Ronan O’Malley
Assistant Professor
Department of Human Genetics and the College
Ronan O’Malley’s research focuses on understanding the gene regulatory networks underlying plant and animal traits, and investigating how they evolve to allow organisms to adapt to new environments and stresses. He leverages functional genomic and epigenomic tools, incorporating single cell genomics, high-throughput mutant screens, and DAP-seq, a technique he pioneered that enables the detection of transcription factor binding sites across the genome. He recently developed multiplexed DAP-seq (multiDAP), an innovation that allows the identification of the evolutionary history of transcription factor binding sites. By applying multiDAP with single-nuclei RNA-seq and ATAC-seq to a wide range of species, O’Malley seeks to create comprehensive atlases of the gene regulatory networks in plants, animals, and bacteria, with the ultimate goal of establishing mechanistic models of stress response pathways to allow for the engineering of climate-resilient plants.

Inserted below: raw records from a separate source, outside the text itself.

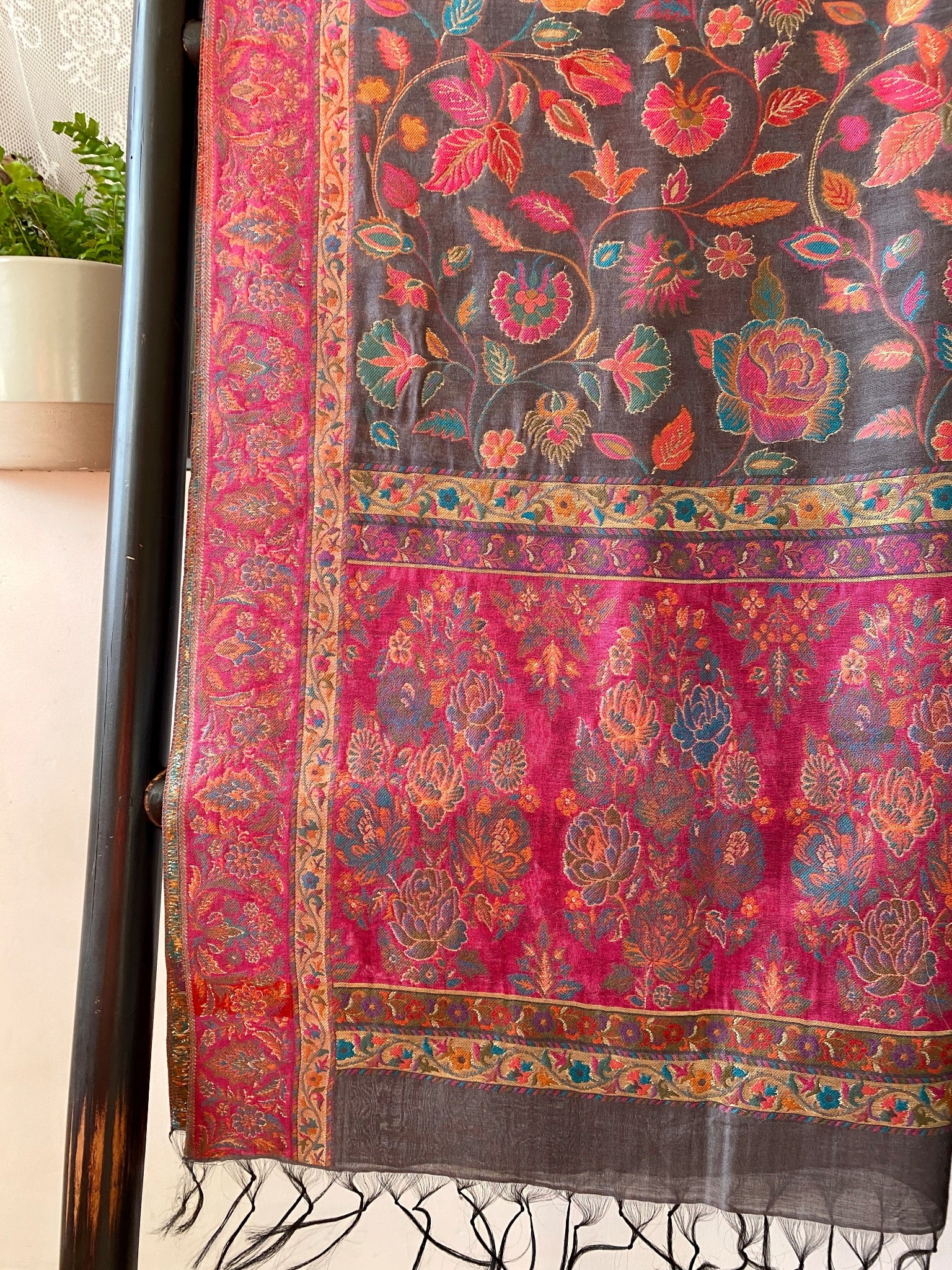 Handmade Kani Silk Dark Grey with Dark Shocking Pink with Flower Pattern Shawl from Kashmir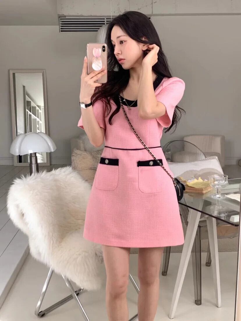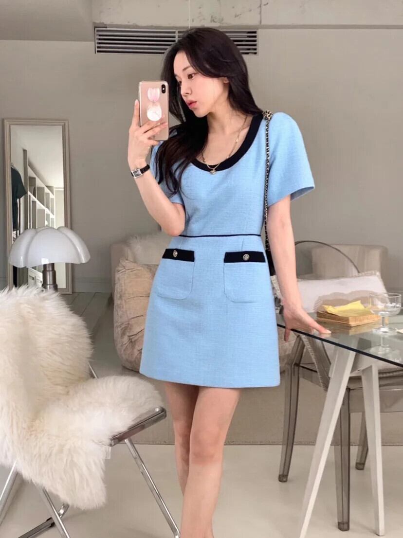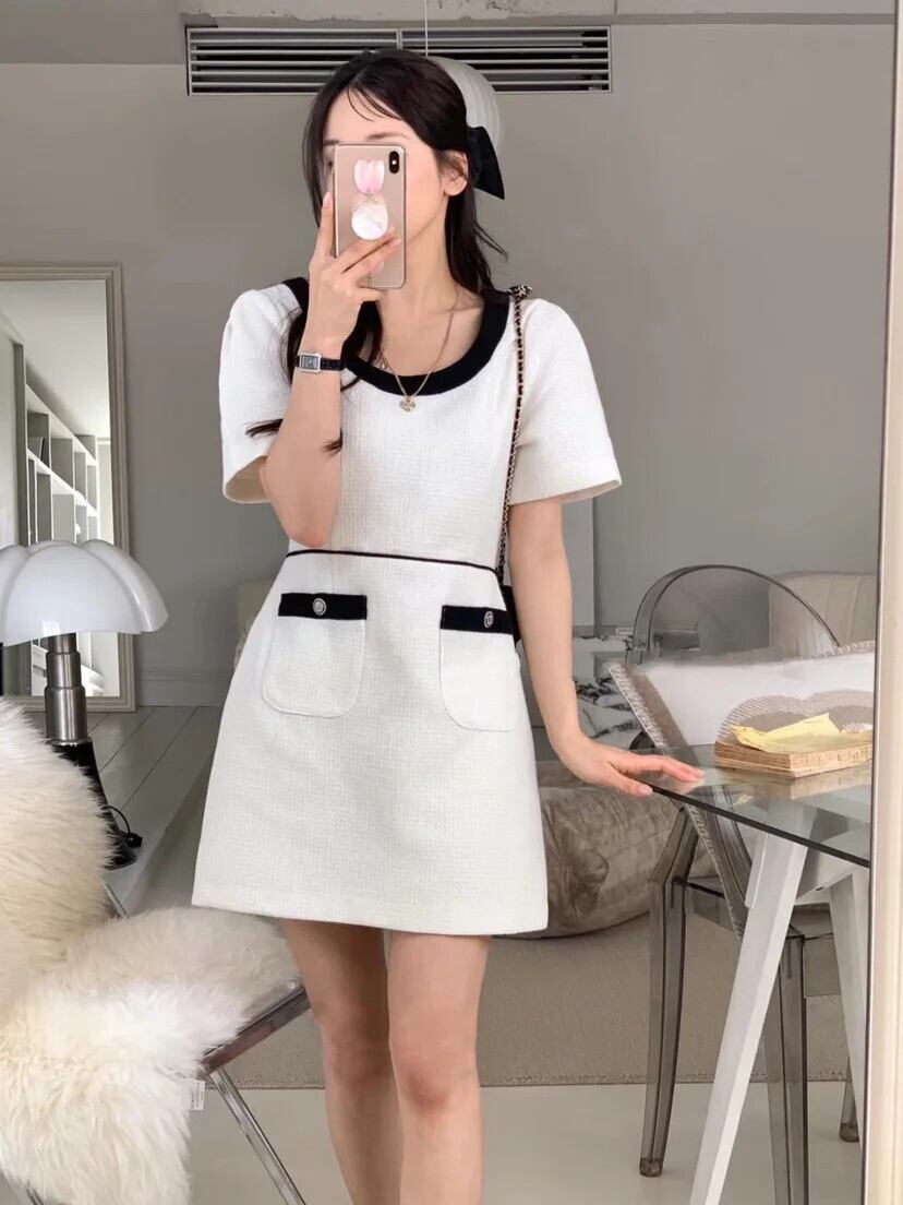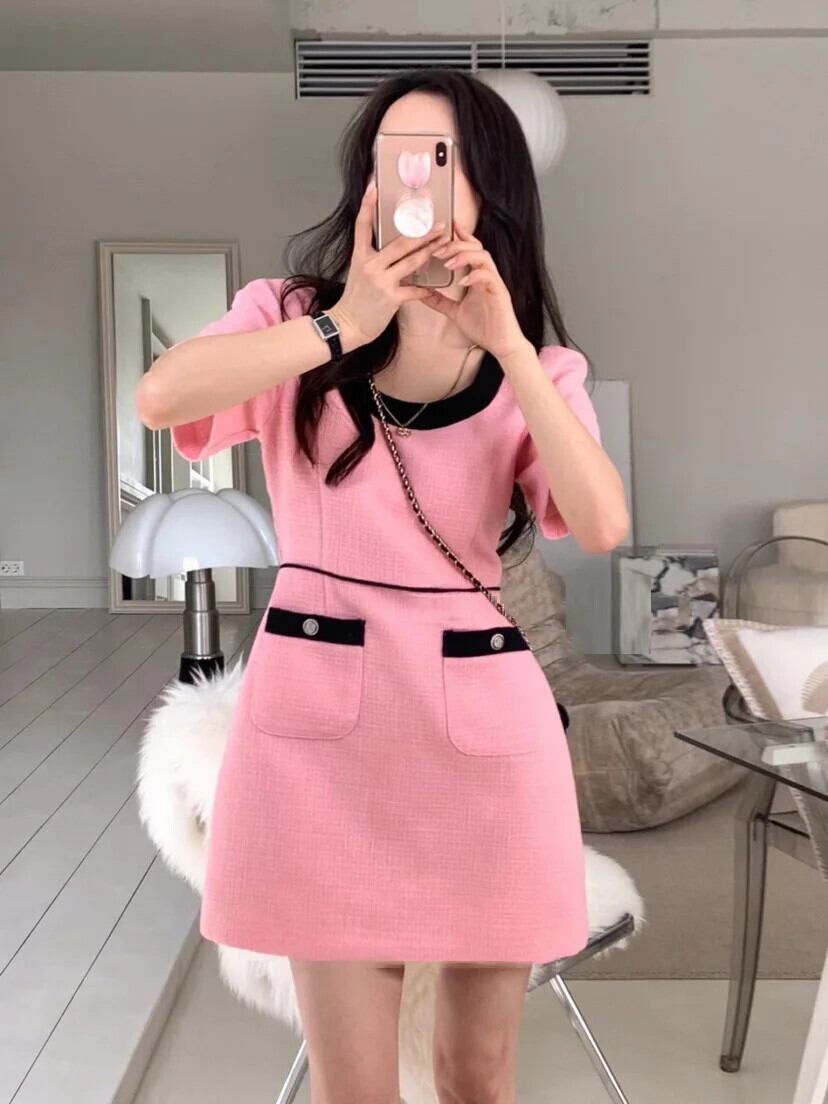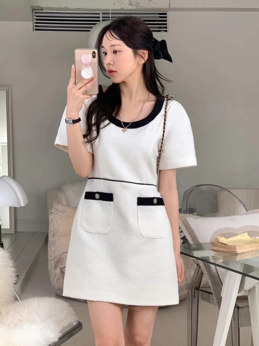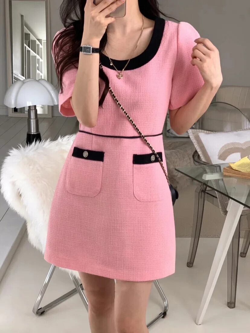 夏香りラウンドネックウエストダブルポケット半袖ドレス ショート ハーフスリーブ サマー 夏物 Oネック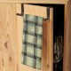 Denna kökshandduk har utseendet av en vävd korg. Den ursprungliga illustrationen av ZoeSPEAK är gjord i sicksack-jordtoner av ljust guldbrunt och blekgrönt, med en antydan här och där av mauve. De band som bildar korgflätans design täcker hela handduken. De neutrala färgerna passar väl ihop med många stilar av inredning.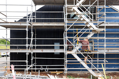 Both dwellings will feature this cladding, tying the buildings together visually while giving them that modern yet timeless aesthetic we've been after. Watching it transform the secondary dwelling has been incredible - can't wait to see both homes fully clad!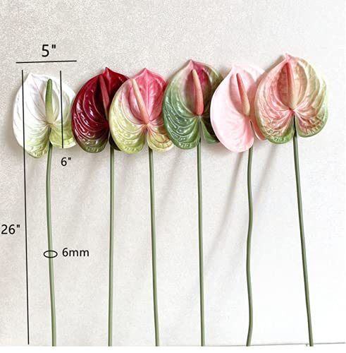I fiori artificiali di giglio di anthurium: altezza circa 66 cm, diametro dello stelo del fiore: 6 mm, la dimensione del fiore è di 12,7 x 15,2 cm, riceverai 3 articoli per confezione. Contenitore non incluso.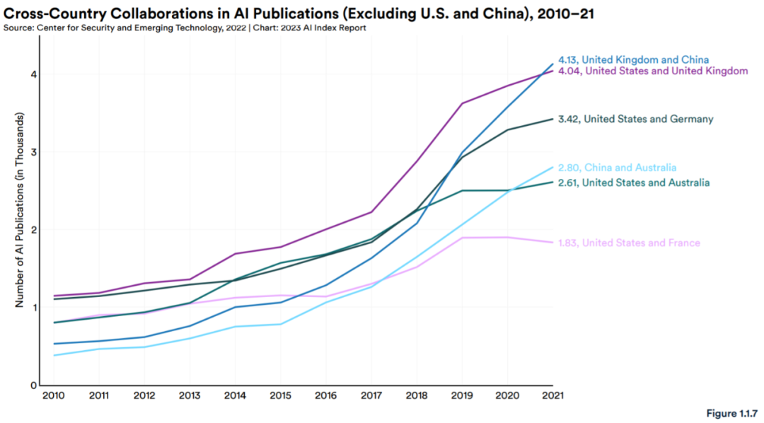 跨国合作:图 1.1.6 和 1.1.7 描述了 2010 年至 2021 年最大规模的跨国 AI 合作。结果表明,过去 12 年中中美合作次数最多,自 2010 年以来增长了大约四倍。然而,从 2020 年到 2021 年,中美合作总数仅增长了 2.1%。2021 年,美国和中国之间的合作数量是英国和中国的 2.5 倍。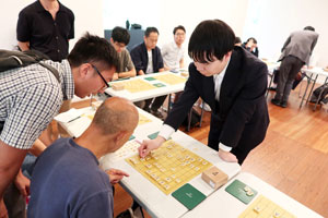 Professional shogi player Mr Takami Taichi provides advice to a participant in the experienced players’ session |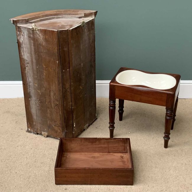 ANTIQUE FURNITURE (2) - an oak bow fronted, two door wall hanging corner cupboard, 87cms H, 60cms W, 38cms D and a mahogany commode on turned supports, 46cms H, 47cms W, 33cms D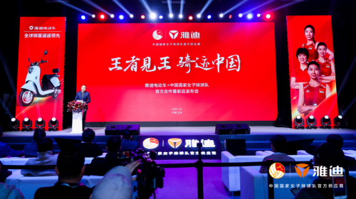 2020年1月15日,“王者见王 骑迹中国”——雅迪&中国女子排球队官方合作暨新品发布会在北京荣耀开启。双方宣布,雅迪与中国国家女子排球队正式结为“...
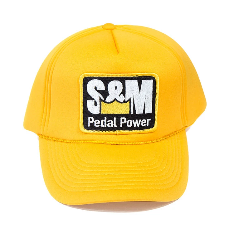 S&M moving the earth with these ripping pedal power trucker hats in gold.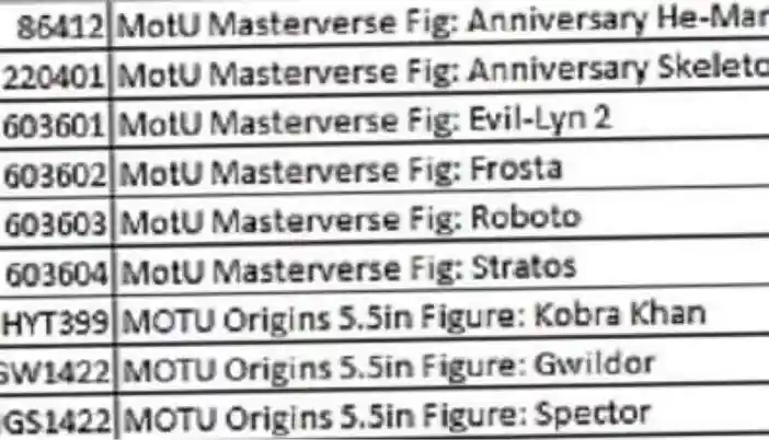 Similar looking to an image of a previously leaked list, a new image has surfaced of a list of upcoming Mastervese and MOTU Origins figures. The interesting part of this list is that the names on the list confirm what our friends at CANAL DOS ROSMINEIROS shared with us of upcoming Masterverse and Origins figures several weeks ago. Also, at appears to be an April Fools prank as Gwildor and Spector’s product ID’s are 1422 (April 1, 2022). With regards to other leaked figures on the list, we’ve covered these stories in the following previous articles where we revealed and helped break the news of the Sorceress Evil-Lyn, Roboto, Stratos, and Frosta coming to the Masterverse line AND the impending arrival of Kobra Khan and the rest of the Snake Men.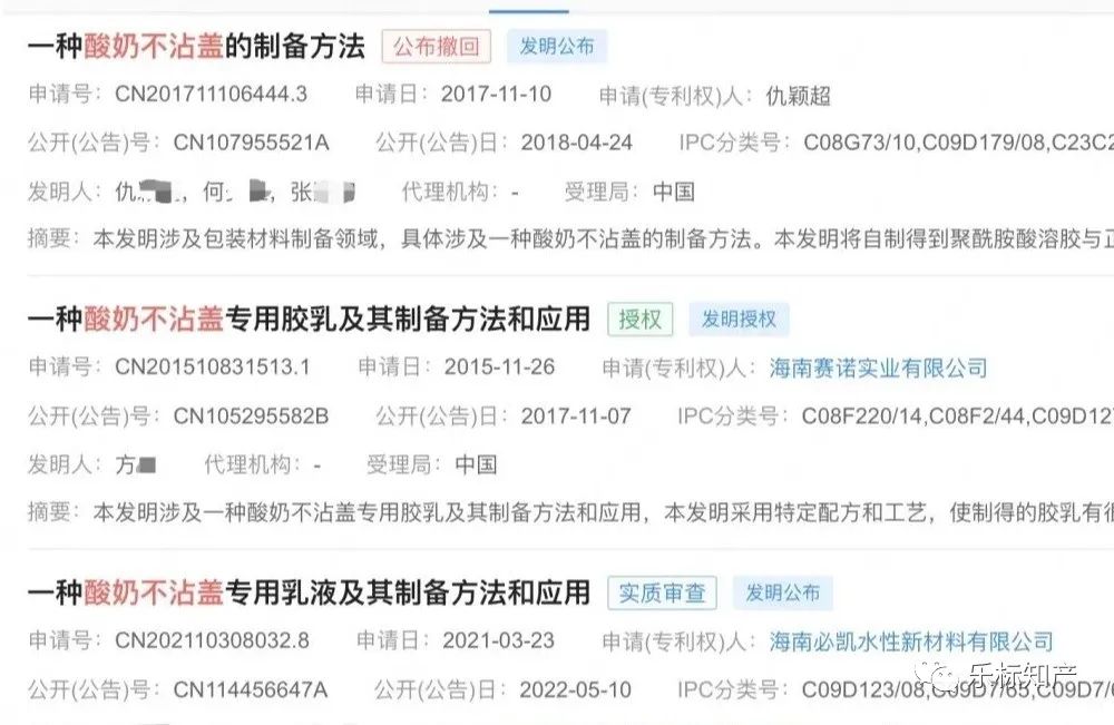 企查查APP显示,多人曾申请酸奶不沾盖专利,包括“一种酸奶不沾盖的制备方法”、“一种酸奶不沾盖专用乳液及其制备方法和应用”等,其中“一种酸奶不沾盖专用胶乳及其制备方法和应用”专利已获授权,其摘要显示,本发明采用特定配方和工艺,使制得的胶乳有很好的阻隔性能,延长了酸奶的保质期,而且具有良好的防水性能,解决了酸奶容易沾粘酸奶盖的问题,且胶乳粒径分布均匀、稳定性好,可达到常温下存放2年不破乳、无沉淀,安全性好、环保、能广泛运用于酸奶包装行业。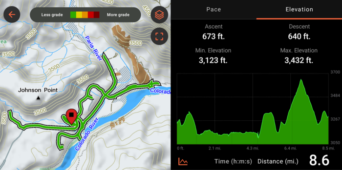 There's our first glimpse of the Colorado River. It was fascinating to see how some of the cliffs had just crumbled into heaps of rubble over time.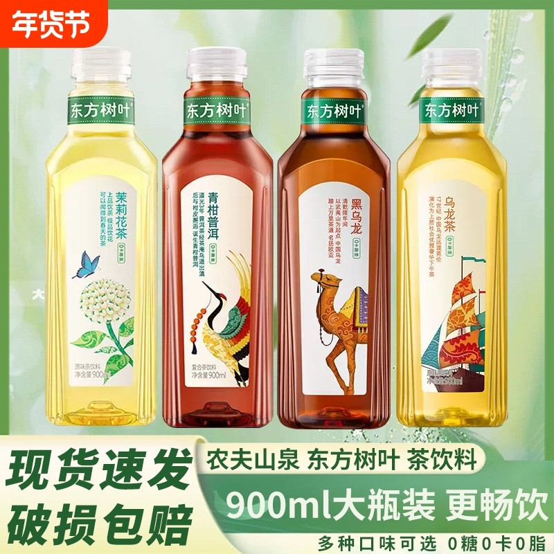 农夫山泉东方树叶900ml青柑普洱茉莉花茶无糖黑乌龙茶饮料绿茶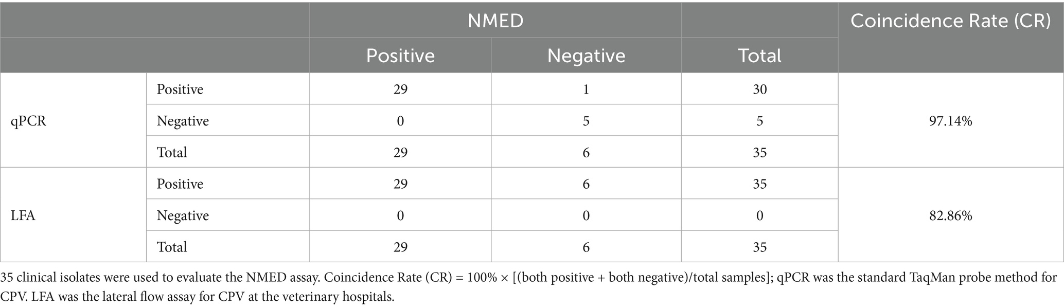 We also evaluated the performance of NMED in diagnosing CPV using clinical isolates. 35 suspected CPV-positive fecal samples, initially screened as positive by LFA and collected from veterinary hospitals, were subjected to analysis. Using qPCR as the gold standard, the clinical detection capability of NMED was compared. NMED detection identified 6 negative results and 29 positive results (Figure 9A), corresponding to a positivity rate of 82.86% (Table 2). In contrast, qPCR analysis revealed that 5 of the 35 viral samples yielded negative results, while 30 were positive (Figure 9B). Compared with the qPCR gold standard, the NMED demonstrated a concordance rate of 97.14% (Table 2). These results demonstrate that the NMED method is reliable and exhibits significant potential for application in clinical diagnostics.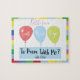 Procurando uma maneira criativa de convidar a alguém ao baile de formatura? Porque não os criar um quebra-cabeça promposal feito sob encomenda. Adicione o nome da pessoa que você está convidando ao baile de formatura. Assine seu nome na parte inferior. A beira colorida acentua três balões do baile de formatura. Personalize isto promposal com o nome de sua data do baile de formatura. Quebra-cabeça promposal bonito e especial para alguém especial a resolver. Faz uma lembrança agradável demasiado!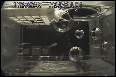 後半の宇宙滞在を共に過ごしたのはアメリカ人クルーのケビン、ロシア人のオレグ、エヴゲニーだけではなく、32匹のメダカも僕らの仲間でした。実験のためにISSに運ばれてきた彼らは、閉鎖されたISSという空間で暮らす僕たち6人にとってある意味、“癒し”になっていたかも。魚の様子を見に行くのは仕事であり、また楽しみでもありました。そのうちの何匹かは、サニータ、ユーリと僕の3人と共に、一緒のソユーズ宇宙船で地球に帰還するし、他のメダカはそのまま宇宙に残って、60日間も宇宙生活するんです。こうした研究が活かされ、メダカの次はどんな生物が宇宙生活できるのか。「宇宙で暮らす」時代は夢ではないね。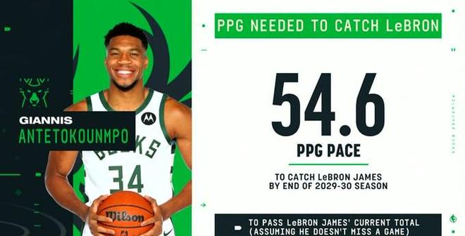 “仅”需场均54.6分,字母哥就能在2030年追上詹姆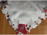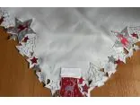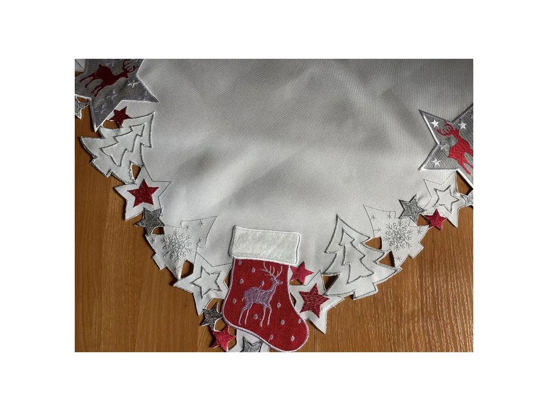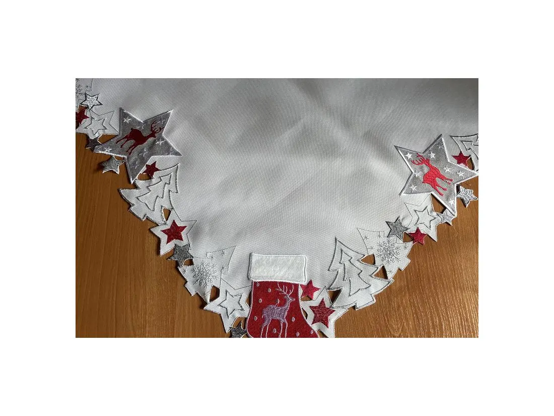 Nakładka świąteczna w rozmiarze 85x85 cm w kolorze białym , z bogato zdobioną aplikacja świąteczną choinki, renifera, gwiazdek została wykonana na tkaninie 100 % poliestrowej, charakteryzuje się nowoczesnym designem, świątecznym wzorem oraz modnym kolorem.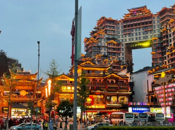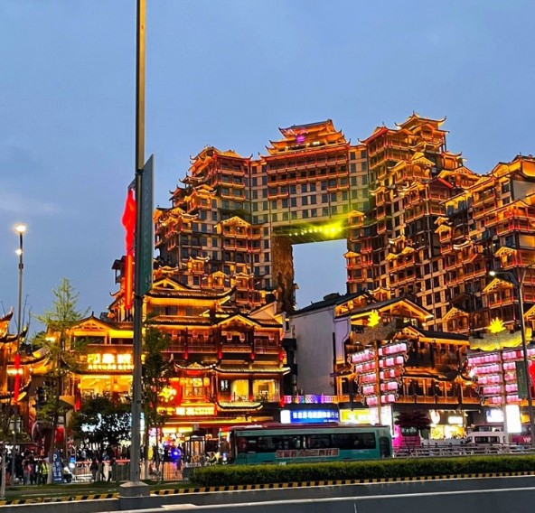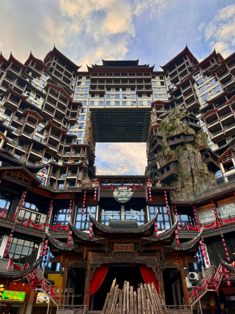 - 고대 전설을 현대적 건축 기술로 재현한 점에서 **"문화적 상상력의 구현"**으로 평가받는다. 장가계 관광의 새로운 랜드마크로, 낮에는 전통 문화를, 밤에는 화려한 조명으로 관광객을 매료시킨다 (지나가는 차창관광이지만 투어종료후 밤에 가이드와 협의하여 갈수 있다)
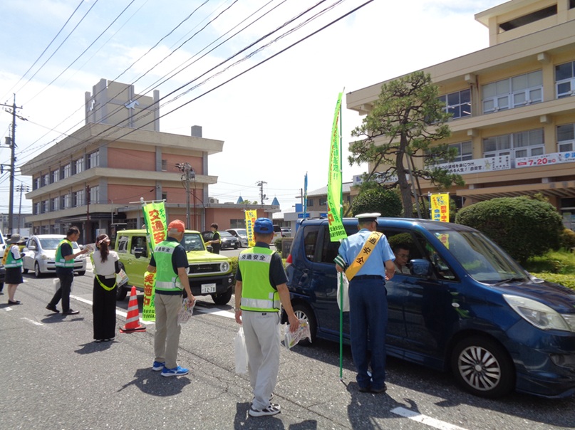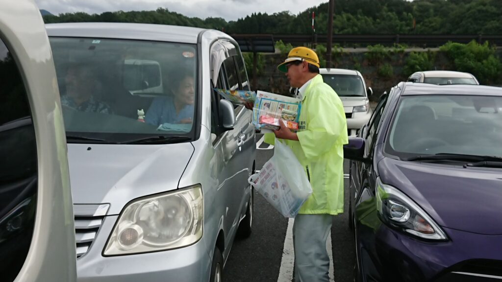 智頭地区協議会(山本洋敬会長)では、各季交通安全運動に際し、通行車両等を対象に交通安全啓発のチラシやグッズを配布し交通安全運動の周知及び、安全運転の実践や交通ルールの遵守を呼び掛ける活動を行っています。

His work has been published in the Proceedings of the National Academy of Sciences, Nature Methods, mSphere, mSystems, Communications Biology, Scientific Data, Nature Communications, Cell Reports, Evolutionary Biology, The Plant Journal, Nature Protocols, Cell, Nature, and others.
O’Malley completed a BS in chemistry and a PhD in organic chemistry at the University of Chicago. He was most recently an investigator in environmental genomics and systems biology at Lawrence Berkeley National Laboratory.